▸ Supplied material
# # # # # # #
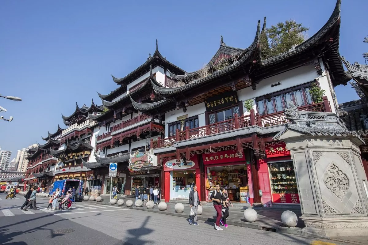 Fra Shanghai Old Street fortsetter turen til Jiuqu-broen, også kjent som Nisvingsbroen, som snor seg over en liten sjø med karper. Her står Shanghais eldste tehus, Huxinting, fra 1855. Jiuqu-broen fører deg videre til inngangen til Yuyuanhagen, som er Shanghais fineste hage.
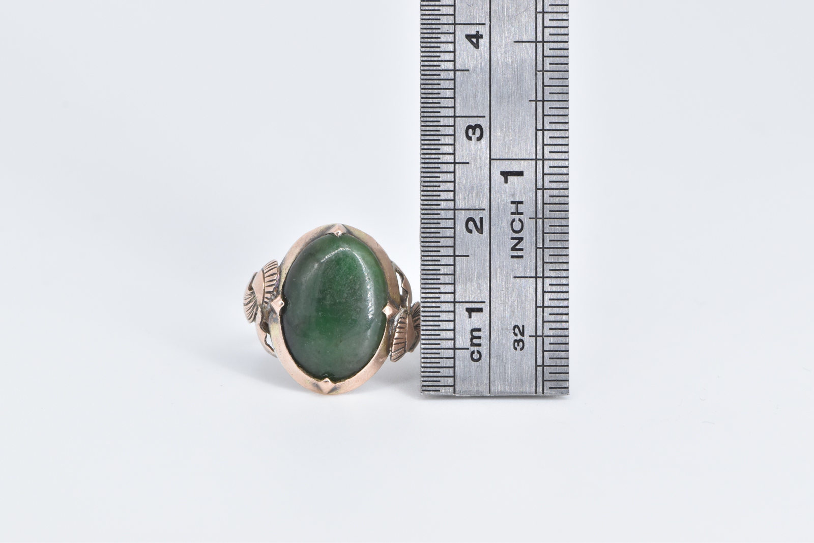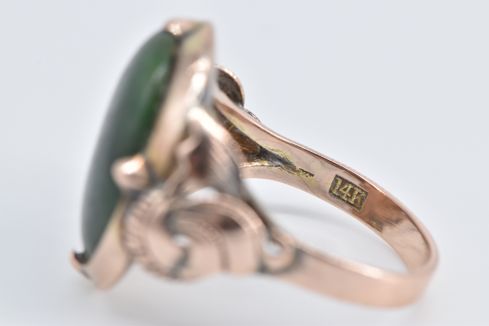 14K Egyptian Revival Ornate Green Stone Swirl Rose Gold Ring, Size 5.5
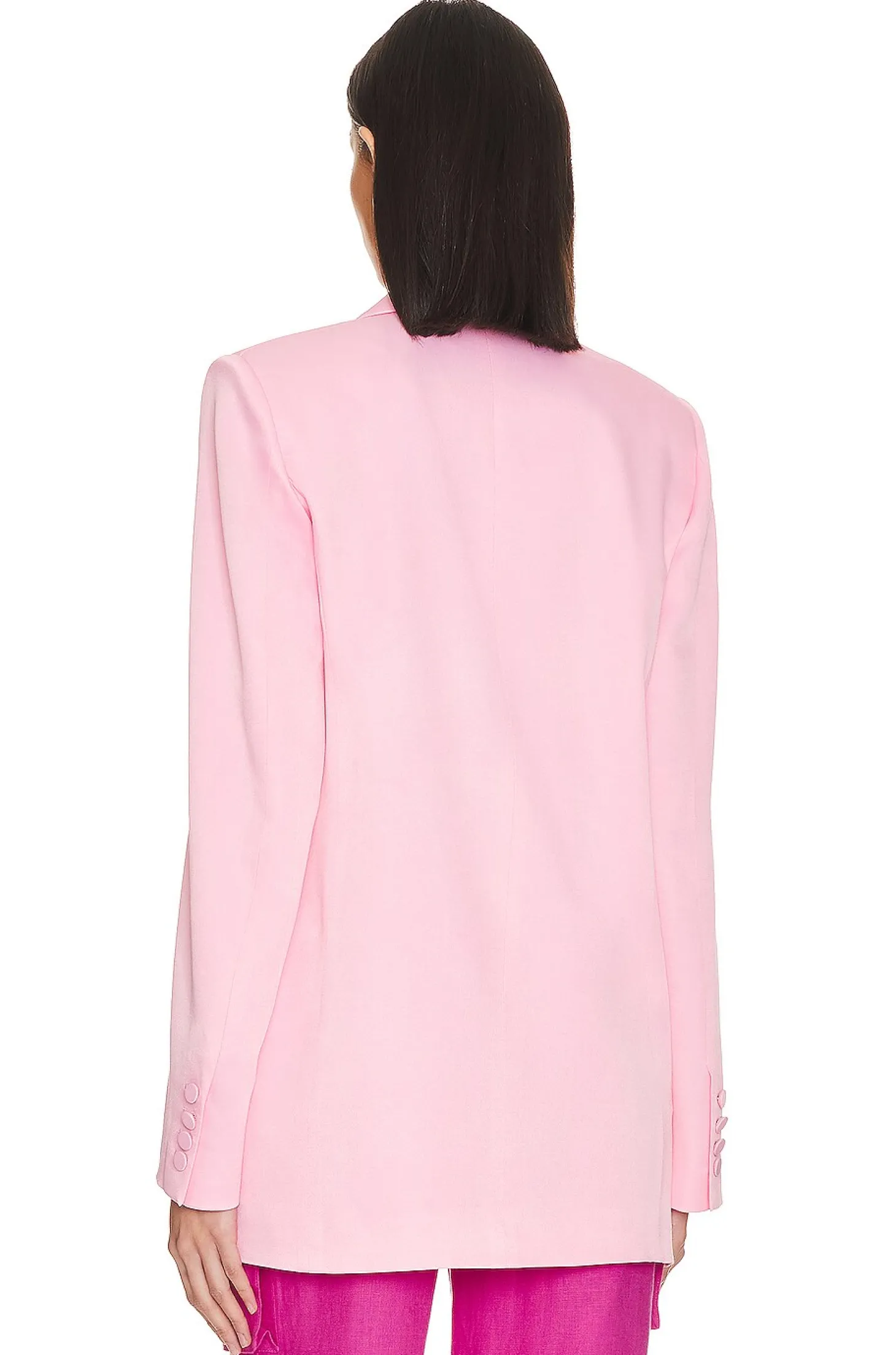 Self: 100% viscose Lining: 100% polyester.Made in Italy.Dry clean only.Front button closure.Padded shoulder with buttoned cuffs.Front welt pockets.Satin fabric
# # # # # # #
▸ Directions for this task
The required output is every line of the data above, set down exactly and stripped of pictures.

▸ Result of the task
 Fra Shanghai Old Street fortsetter turen til Jiuqu-broen, også kjent som Nisvingsbroen, som snor seg over en liten sjø med karper. Her står Shanghais eldste tehus, Huxinting, fra 1855. Jiuqu-broen fører deg videre til inngangen til Yuyuanhagen, som er Shanghais fineste hage.
 14K Egyptian Revival Ornate Green Stone Swirl Rose Gold Ring, Size 5.5
 Self: 100% viscose Lining: 100% polyester.Made in Italy.Dry clean only.Front button closure.Padded shoulder with buttoned cuffs.Front welt pockets.Satin fabric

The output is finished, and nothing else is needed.